Le film de Panahi s’ouvre sur un un plan fixe de nuit, dans l’habitacle anxiogène d’une voiture où les phares des véhicules croisés découpent les traits d’un couple. L’image suggère un drame, mais le dialogue vient aussitôt tout expliquer, nous rassurant sur leur situation familiale. Après le choc sourd d’un chien heurté, la caméra s’arrache à sa fixité pour suivre le père et nous faire découvrir la clé du récit : le couinement de sa prothèse. Ce son devient le cœur de la tension. Plus tard, dans son garage, la caméra s'attarde sur le visage de Vahid, tandis que le couinement menaçant se fait entendre hors-champ. Un contrechamp troublant découpe alors le corps du conducteur, ne laissant voir que ses jambes en mouvement. Le duel s'installe, nourri par notre incompréhension face au comportement soudainement effrayé du personnage. L'inquiétude qui se peint sur le visage de l'homme s'explique par un seul son : celui de la prothèse qui approche. Toute la tension naît de ce que l'on devine des gestes de Vahid, seul à comprendre la nature de cette signature sonore.

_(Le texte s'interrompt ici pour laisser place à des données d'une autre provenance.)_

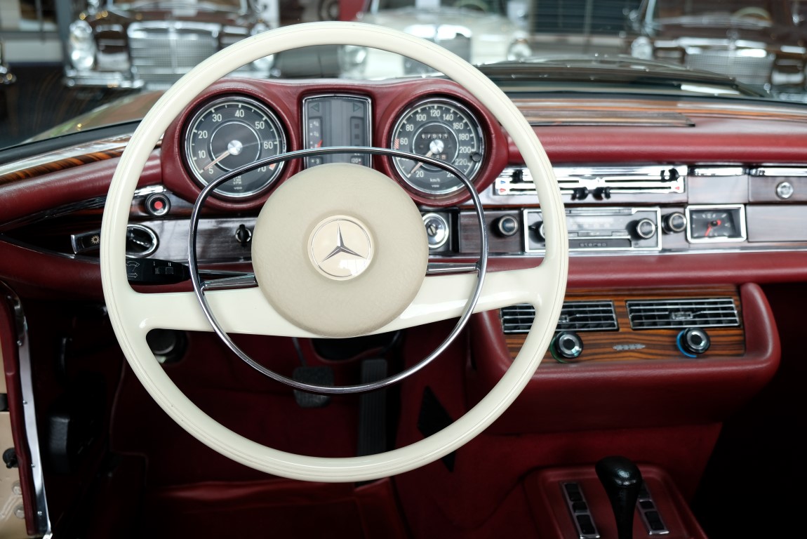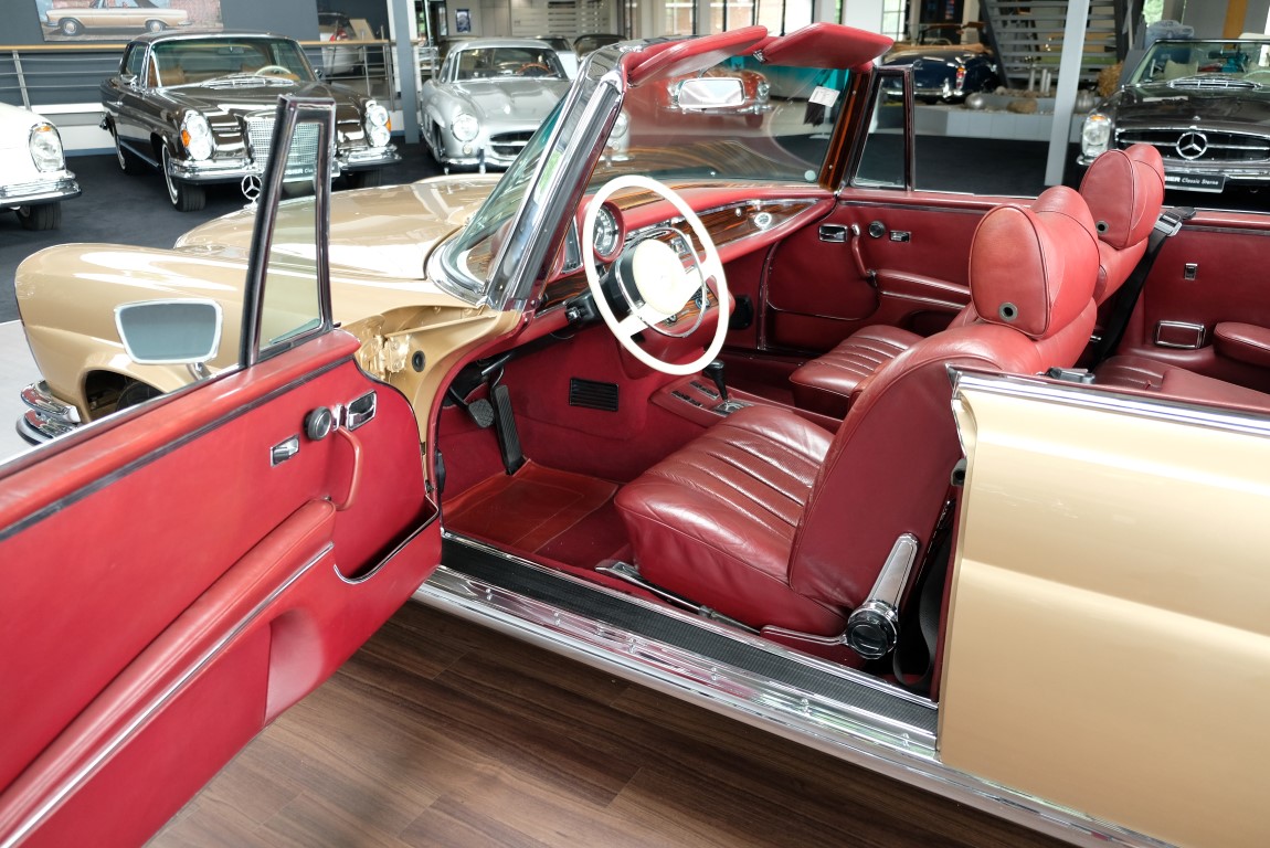 Zu Beginn der 2000er Jahre ging das Cabriolet in den Besitz von Bertran Garcia Braulio, einem Autohändler und Immobilienkaufmann in Barcelona über. Während seinem Besitz wurde in 2003 von Mercedes-Benz Classic ein Zertifikat ausgestellt. In 2013 wurde das bis dahin stets gepflegte und in sehr gutem Zustand erhaltende Cabriolet nach Deutschland verkauft und kam zu ROSIER Classic Sterne in Oldenburg. Der hohe Qualitätsanspruch unserer Kundenklientel ließ uns die Entscheidung zugunsten einer umfangreichen Restaurierung fällen. So wurde das elegante Cabriolet komplett zerlegt, bis auf das blanke Metall entlackt und neu aufgebaut. Selbstverständlich wurde darauf geachtet, die ursprüngliche Farbgebung wieder zu verwenden und die Ausstattungsdetails gemäß Datenblatt wieder herzustellen. Lassen Sie sich dieses herrlich schöne Fahrzeug mit bester Historie nicht entgehen. Wir beraten Sie gerne.

Pourtant, cette promesse phonique et sensoriel est vite trahie au profit d’une forme théâtrale. La mise en scène, oscillant entre des plans larges fixes et des gros plans, ne suggère plus, elle impose. Le film renonce à l'image pour laisser toute la place à la tyrannie du dialogue. Les personnages ne sont que des porte-paroles aux discours répétitifs et moralisants, déclamant des tirades sur la vengeance ou le pardon. Le cinéaste ne fait plus confiance au spectateur. La photographe est flanquée de deux appareils photo, les mariés portent leurs habits de noce : chacun arrive avec son étiquette sociale, sa pancarte idéologique. Rien n’est suggéré, tout nous est asséné.
Dès lors, que reste-t-il ? Une conclusion morale – le pardon l’emporte sur la vengeance – qui nous semble plaquée. Elle est la conclusion attendue d'un procès-verbal. Le dernier plan a beau ramener le couinement de la prothèse, comme une marche mortuaire du régime qui ne pardonne pas, la trouvaille sonore arrive trop tard. Elle ne fait que souligner le vide laissé par un film qui s'est évaporé dans les discours.